- German poster
- Directed by: Léonce Perret
- Written by: Jean-Joseph Renaud (novel)
- Starring: Louise Lagrange Ricardo Cortez Xenia Desni
- Cinematography: Léonce-Henri Burel René Colas Jacques Montéran
- Production company: Franco Films
- Distributed by: Franco Films
- Release date: April 29, 1928;
- Running time: 60 minutes
- Country: France
- Languages: Silent French intertitles

= The Orchid Dancer =

1928 film

The Orchid Dancer (French: La danseuse Orchidée) is a 1928 French silent drama film directed by Léonce Perret and starring Louise Lagrange, Ricardo Cortez and Xenia Desni. It was shot at the Victorine Studios in Nice. The film's art direction was by Jacques-Laurent Atthalin and Henri Ménessier

==Synopsis==
Luicha returns briefly to her home town in the Basque Country to visit her mother.
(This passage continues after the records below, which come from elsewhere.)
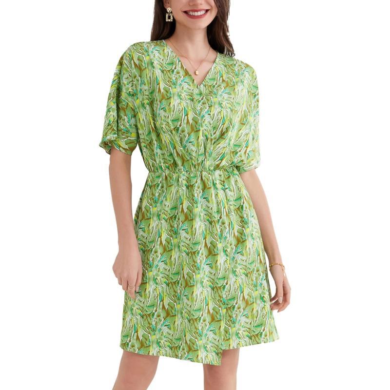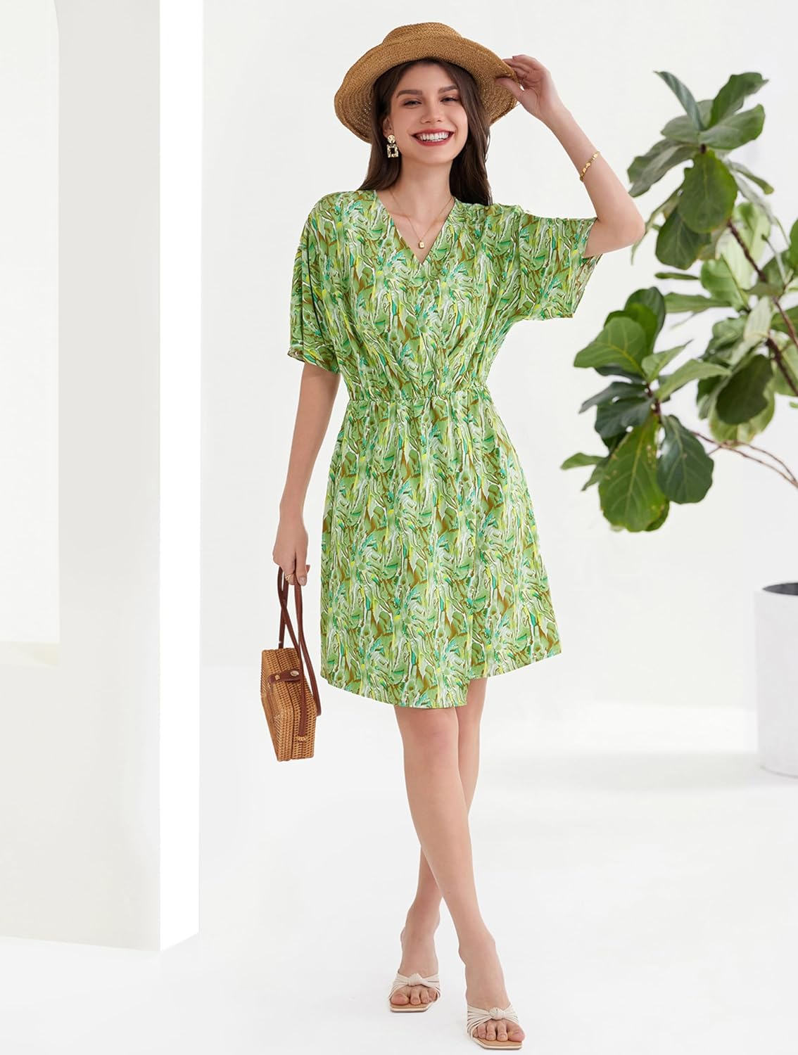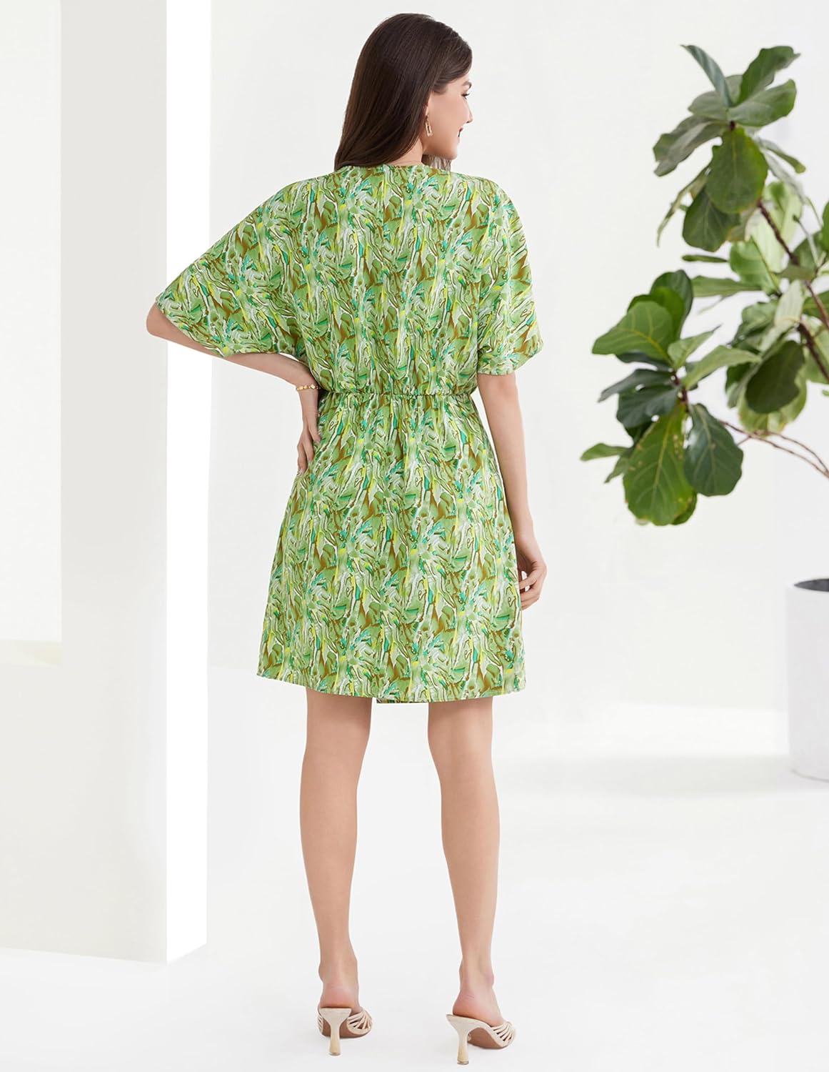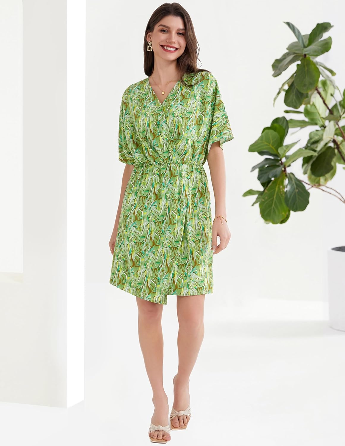GRACE KARIN Womens Summer Floral Dress Casual Wrap V Neck Short Sleeve Empire Waist A-Line Flowy Beach Boho Mini Dresses(Green Abstract Floral)
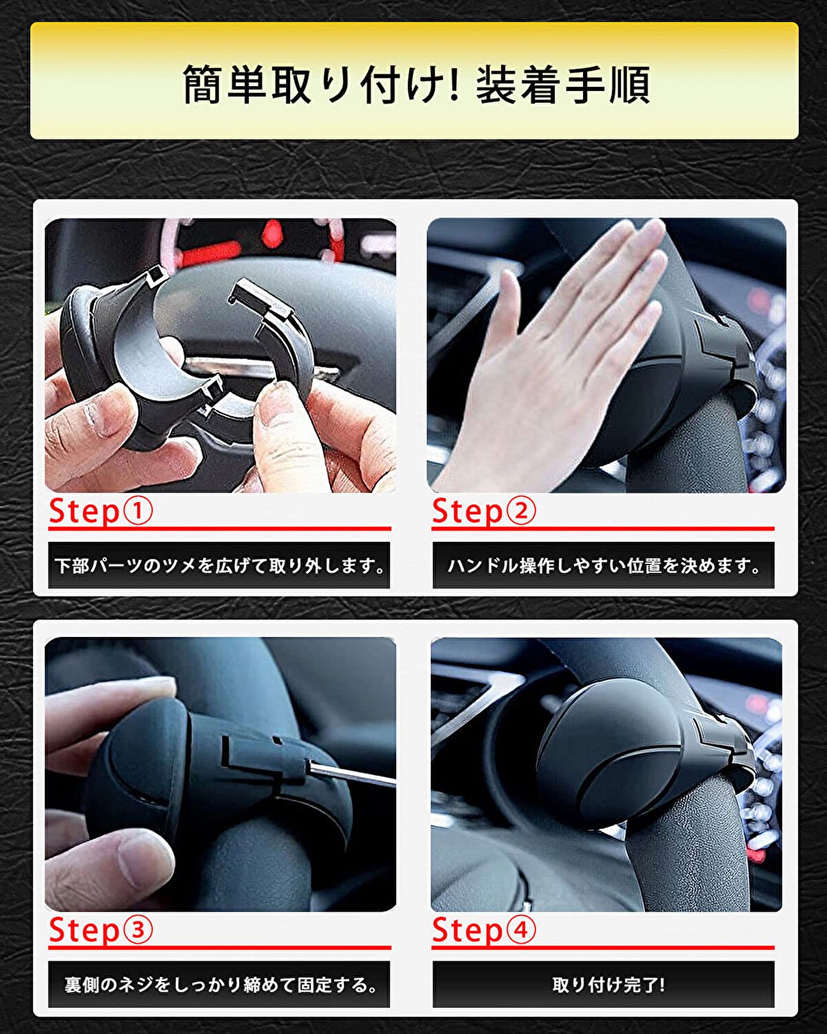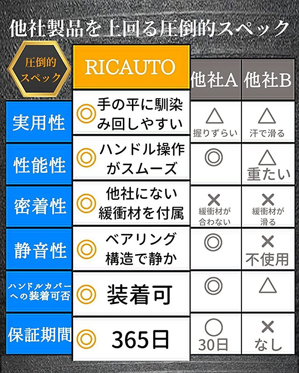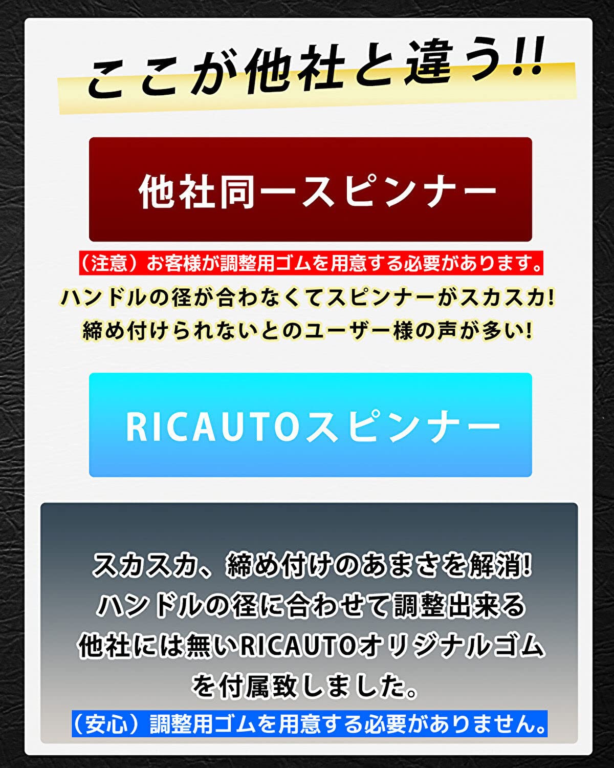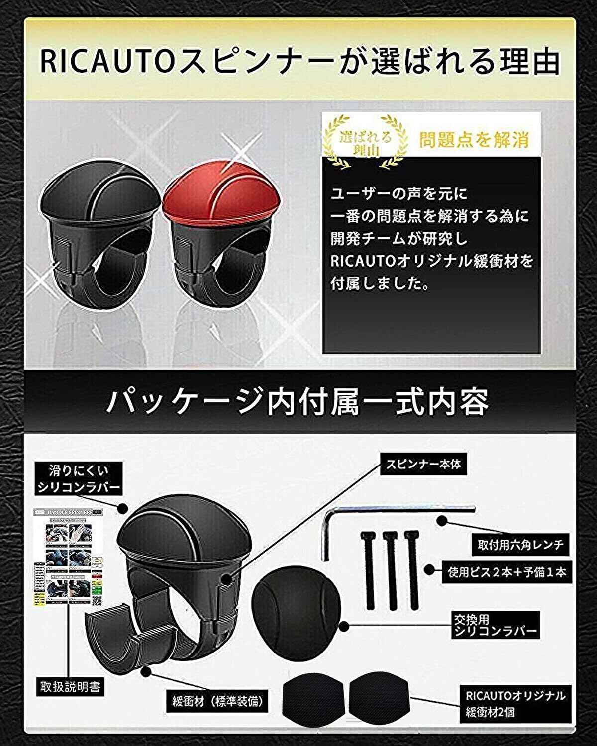 【RICAUTOが選ばれる理由】ユーザー様の寄せられた声を元に、回転を軽くする為に静音ベアリング構造仕様。ハンドルへの傷や操作時の金属音を防ぐため、防傷緩衝材を付属。また、緩衝材を調整することでハンドルカバー(極太NG)付きの車にも取り付け可能になりました。 また、ハンドルとの密着性を良くして欲しいとの声を頂き、RICAUTOオリジナルゴムで設計し、より多くの方にRICAUTO ハンドルスピンナー をご体感頂けるようにしました。
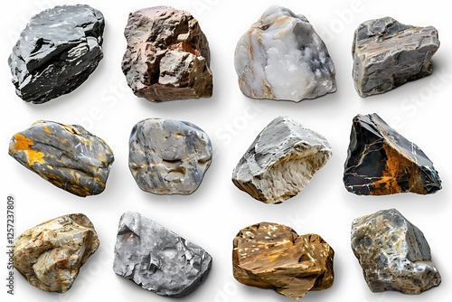 stone, rock, isolated, rough, collection, mineral, white, closeup, granite, pebble, texture, nature, set, grey, geology, object, background, natural, group, round, material, grey, design, cobbled, detail, brown, textured, small, shape, solid
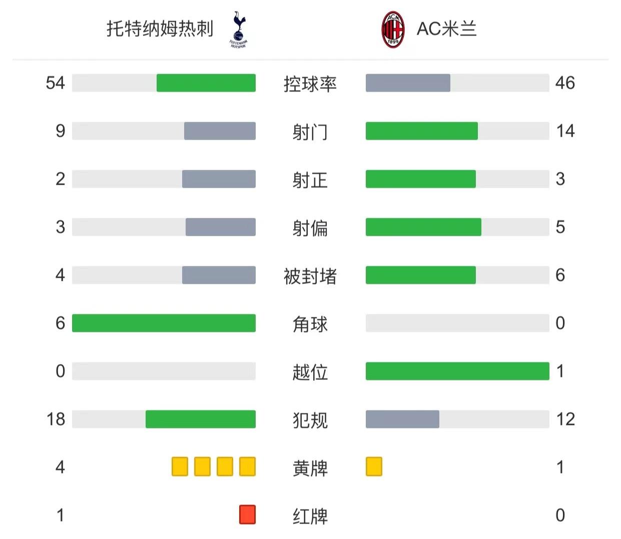 24直播网讯 :北京时间3月9日凌晨,欧冠1/8决赛次回合,托特纳姆热刺主场对阵AC米兰,本场比赛主裁判是蒂尔潘。上半场,埃默松推射被没收,梅西亚斯抽射打偏。下半场,卜拉欣-迪亚斯小角度抽射被挡出,赫伊别尔劲射被扑出,克里斯蒂安-罗梅罗累计两黄被罚下,凯恩头球攻门被迈尼昂扑出,奥里吉挑射中柱,最终,热刺0-0米兰,米兰以总分1-0晋级,时隔11年再度闯进欧冠八强。
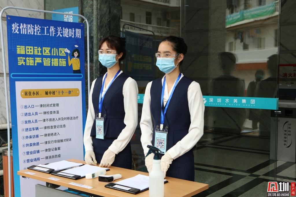 把好安全關(guān)。水務(wù)集團工作人員正對出入萬德大廈的人進行登記和體溫檢測。
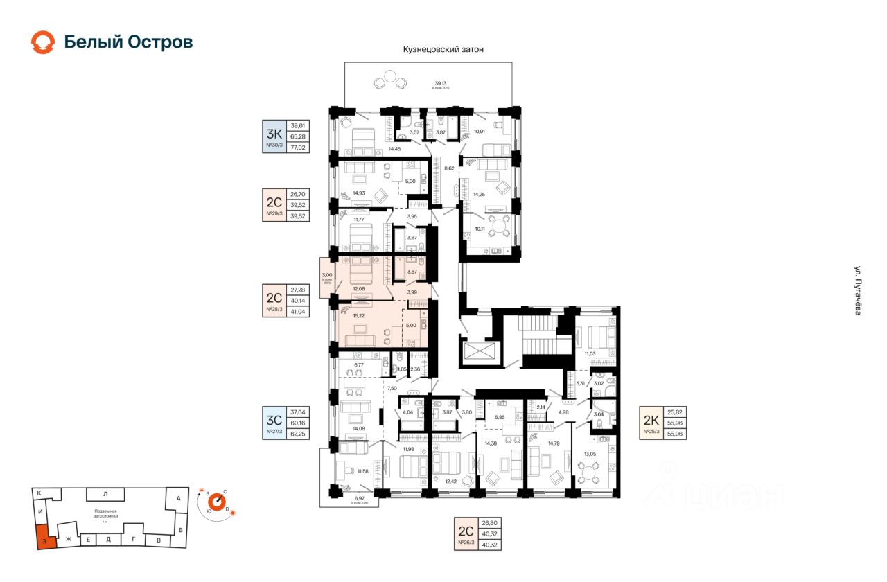 Литер 1, Секция З. 6-й этаж 7- этажного жилого дома

She says she works as a teacher in Paris. One of the young men falls in love with her and asks her to marry him. She is attracted to him, but says she can't marry him and hastily returns to the French capital. He follows her there and discovers she is famous in Paris as an exotic dancer known as "The Orchid Dancer".

==Cast==
- Louise Lagrange as Luicha Irrigoyen, la danseuse Orchidée
- Ricardo Cortez as Yoanes Etchegarry dit Jean Barliave
- Xenia Desni as Marise Laborde
- Danièle Parola as Miss Flute
- Marthe Lepers as Kattalin
- Gaston Jacquet as Buguelle
- Henri Richard as Martineau
- Sig Arno as Paulo
- Henriette Clairval-Terof as Madeleine
- Thérèse de Zunin as La baronne d'Ange
- Gerald Fielding as Doulaze
- Ernest Chambery as Le baron d'Ange
- Armand Dutertre as Le régisseur
- Madame Stavelly as Madame Deraing
- Damorès as Le professeur
- Henri Mène as Ignacio
- M. Violette as L'aide
- Julio de Romero as Horowitz
- Flore Deschamps as La secrétaire
- Marcya Capri
- Yvette Dubost
- Nilda Duclos
- Denise Lorys
- Gil Roland

==Bibliography==
- Rège, Philippe. Encyclopedia of French Film Directors, Volume 1. Scarecrow Press, 2009.